So steht es um die wichtigsten Kulturen

Ackerbauer brauchen derzeit einen kühlen Kopf. Viele Fragen zur Anbauplanung für die Ernte 2023 sind noch offen, doch die Saat muss raus. Auf welche Kulturen Praktiker jetzt setzen sollten erfahren Sie hier.

Winterweizen vor Ertragssprung

Bei dieser Ernte haben wir es einmal mehr erlebt: Hitzewellen und Trockenheit im Sommer setzen dem Winterweizen zu. Viele Praktiker säen daher schon längst frühreifere Sorten. Sie nutzen die Winterfeuchtigkeit intensiver aus und kommen mit frühen Hitzewellen besser zurecht. Dennoch sollte man nicht alles auf diese Karte setzen. Das empfiehlt Gerrit Hogrefe, Pflanzenbauberater bei der N.U. Agrar GmbH. „Spätreife Sorten verwerten späte Juliniederschläge besser und sollten ebenfalls im Anbauplan verbleiben“, sagt er. So habe man sein Risiko besser aufgeteilt, zumal die spätreifen Sorten in normalen Jahren nach wie vor mehr Ertrag liefern, sagt Hogrefe.

Noch unklar ist, ab wann die neuen Vorgaben aus Brüssel zum Fruchtwechsel greifen. In dem Fall wäre z.B. Stoppelweizen nicht mehr erlaubt.

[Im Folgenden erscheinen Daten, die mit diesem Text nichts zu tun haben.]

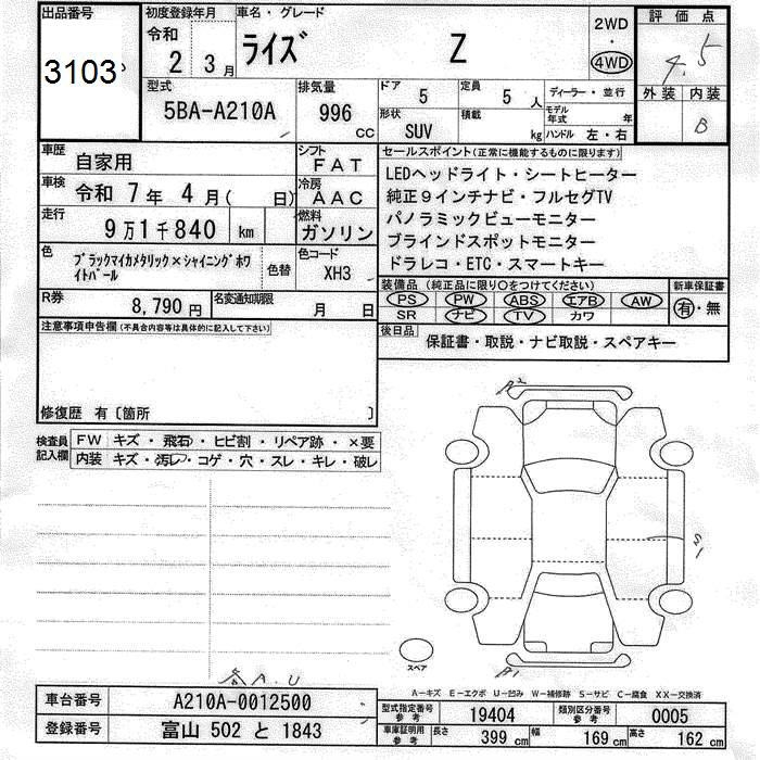 TOYOTA RAIZE - лот 3103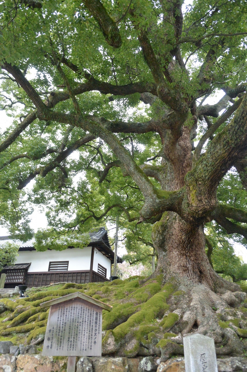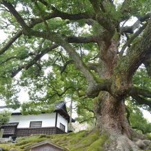 大きな楠は境内にも何本かありますが、なんといっても圧巻は道路沿いにある楠!その根っこ、幹の太さ、枝ぶり、とにかく圧倒されました。それに石垣ぎりぎりのところに生えているので、根が石垣を突き破ったりしないのかなーと思いました。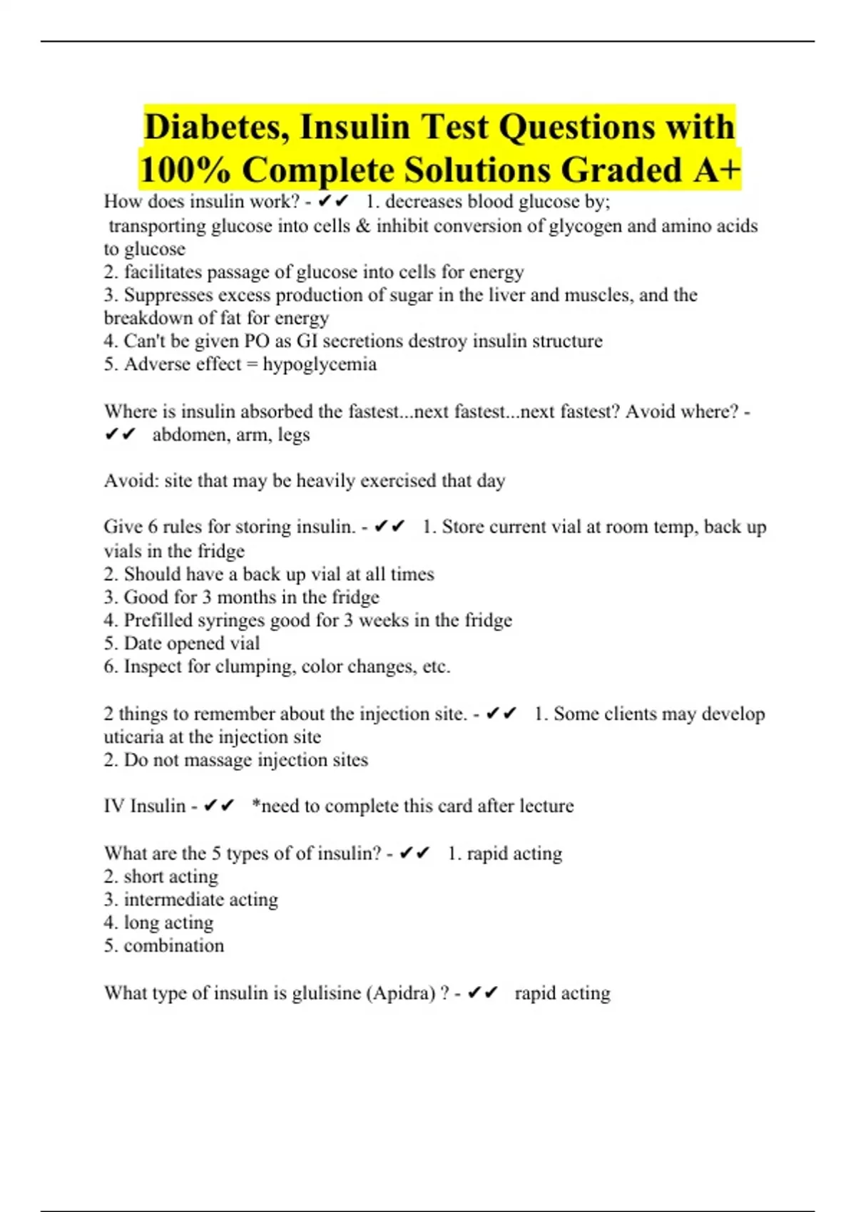 Diabetes, Insulin Test Questions with 100% Complete Solutions Graded A+

Sät man nach der aktuellen Ernte dennoch Weizen nach Weizen, riskiert man seine Förderung.

Allerdings: Selbst wenn Brüssel die Landwirte zwingt, auf Stoppelweizen zu verzichten, ist das nicht unbedingt ein Nachteil, sagt Berater Hogrefe. Denn andere Vorfrüchte als Weizen sorgen bei diesem für deutlich mehr Ertrag. Da gilt vor allem auf Grenzstandorten. Das Getreide profitiert zum Beispiel davon, wenn Erbse, Bohne oder Lupine den Phosphor im Boden aufgeschlossen haben. Leguminosen als Vorfrucht sorgen dafür, dass der Weizen mit weniger Stickstoffdüngung auskommt. Je höher die Preise für Stickstoffdünger, desto interessanter macht das die Leguminosen. Insgesamt würde der Winterweizen durch das Stoppelweizenverbot nicht viel Anbaufläche in Deutschland verlieren, prognostiziert Hogrefe.

Raps vor Comeback

Im Sommer erreichte der Preis für Raps am europäischen Terminmarkt Spitzenwerte von über 1.000 €/t. Mittlerweile hat er sich wieder eingependelt, liegt aber nach wie vor bei über 600 €/t – ein sehr solider Wert, den man jahrelang nicht gesehen hatte. Aber auch ein paar alte Trümpfe des Rapses sind plötzlich viel wichtiger als zuvor: Im Raps lassen sich Ungräser, denen man im Getreidebestand kaum noch Herr wird, effizient bekämpfen. Nach Raps brauchen Landwirte in der Regel weniger Fungizide, weil er die Vermehrung von Schaderregern unterbricht. Und derzeit noch wichtiger als sonst: Generell braucht es nach Raps keine tiefe Bodenbearbeitung. Das spart Diesel!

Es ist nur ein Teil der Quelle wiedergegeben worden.